Khalil ibn Ishaq al-Jundi

?1374 CE · Alexandria

Khalil ibn Ishaq al-Jundi (Diya al-Din Khalil ibn Ishaq) was a jurist (faqih) of the Maliki madhhab — one of Sunni Islam's four schools of law — active in Egypt under the Mamluk sultanate. His birth date is not recorded; he is generally said to have died in 776 AH (1374 CE), though a minority of sources give 767 AH (c. 1365 CE), so the date is best treated as disputed. The nickname al-Jundi ("the soldier") reflects a tradition that he served as a soldier and continued to wear military dress throughout his scholarly life. He studied in Cairo, reportedly learning Maliki jurisprudence from the teacher Abd Allah al-Manufi and Arabic and the principles of religion from other masters.

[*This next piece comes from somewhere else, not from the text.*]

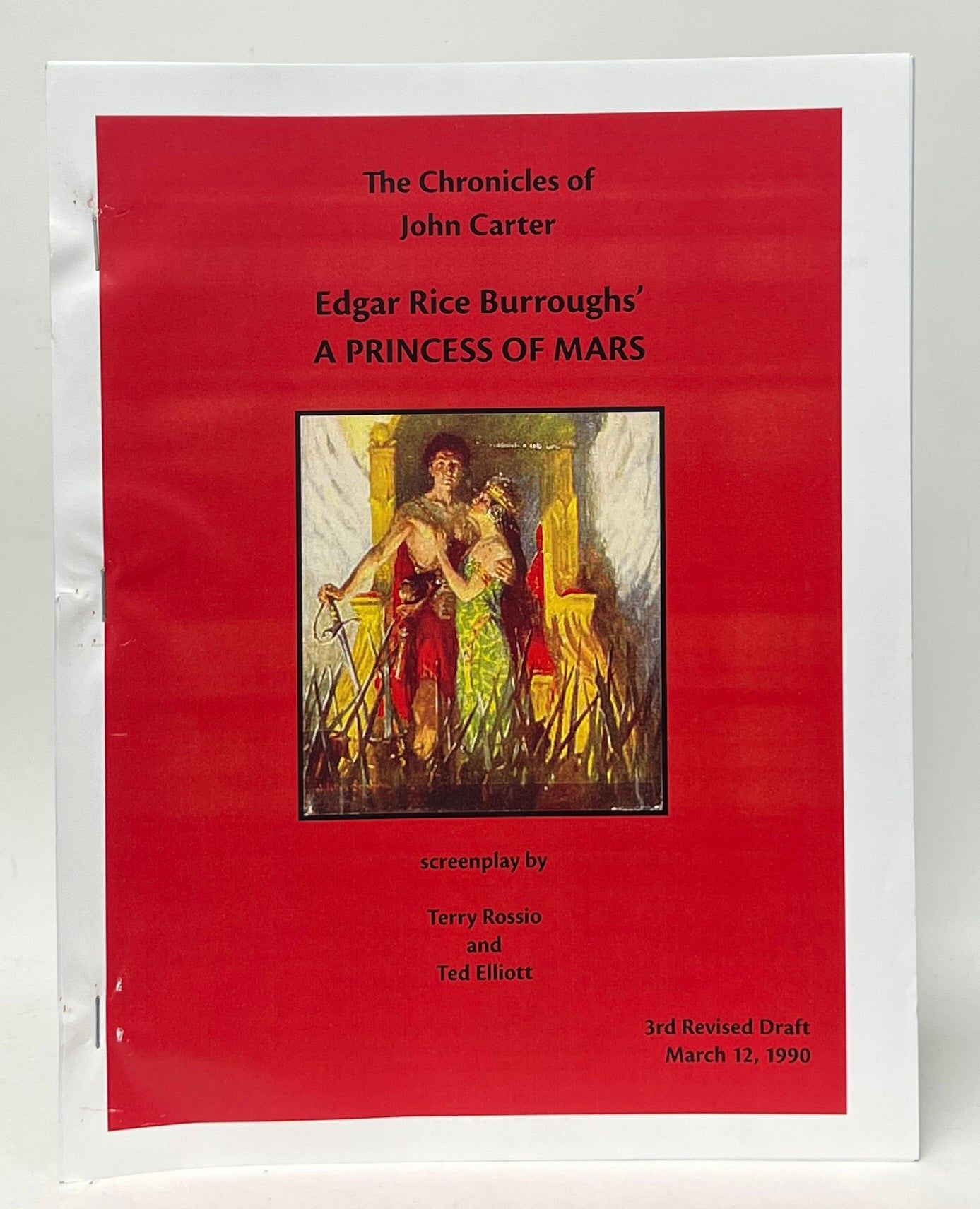 [n.p.]: [n.p.], 1990. Paperback. Near Fine. t.p., [1]-126. Near Fine. Glossy front cover, a few scuffs and stains near the staples, with copy paper otherwise. Bound with a slight skew, clean internally. The 3rd revised draft of this unproduced screenplay based on the first novel in the Barsoom series. From the collection of Joan Bledig.

He taught fiqh, hadith, and language — a number of sources place him at Cairo's prestigious Shaykhuniyya college — and is reported to have taught at Medina as well, though that itinerary rests on later biographical tradition. His enduring achievement is the Mukhtasar ("the Epitome"), a tightly compressed manual that distils the dominant rulings of the Maliki school into a single reference. It became the school's standard teaching and reference text and generated a vast commentary literature; in much of North and West Africa it is regarded as the most authoritative practical handbook of Maliki law. He is also credited with al-Tawdih, a commentary on Ibn al-Hajib's legal work.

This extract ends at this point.